These constraints have effects that are not always obvious. For example,
architecting a database kernel so that it _can_ be dynamically optimized slows
down computational throughput in the general case! This means that the
benefits of dynamic optimization have to be sufficiently large that it offsets
the performance tax of doing dynamic optimization at all. Also, because the
performance tax is general, there is an implication that the optimization
needs to be general across the set of runtime operations as well i.e. you
can't optimize one operation at the cost of slowing down others.

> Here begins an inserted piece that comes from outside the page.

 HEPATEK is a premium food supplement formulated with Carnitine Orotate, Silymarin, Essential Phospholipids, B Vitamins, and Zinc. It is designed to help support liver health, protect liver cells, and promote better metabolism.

Nonetheless,
there many areas such as cache replacement algorithms where dynamic
optimization has big performance payoffs for the added complexity.

Second, dynamic optimization needs to be applicable incrementally, otherwise
it tends to have a "stop the world" effect on performance when it is being
applied, which is bad. A good example of this is dynamically optimizing
storage for the actual distribution of queries it sees. Dynamically adding a
new secondary index imposes a huge background cost that is visible in
performance, so databases don't do it. However, dynamically optimizing
individual _pages_ for queries is common because it can be applied
incrementally for pages you are already accessing anyway for a small one-time
cost per page distributed over time as pages are accessed. And it only applies
to pages you actually touch; building a new index pulls a lot of cold storage
through the cache. Page level query optimization may be less effective overall
than adding a second index but the fact that it can be applied incrementally
makes it a preferred form of dynamic optimization.

In short, dynamic optimization has been studied and tried for many decades.
Sophisticated databases do a lot of it but the mechanisms are chosen carefully
to minimize adverse side effects in real world conditions.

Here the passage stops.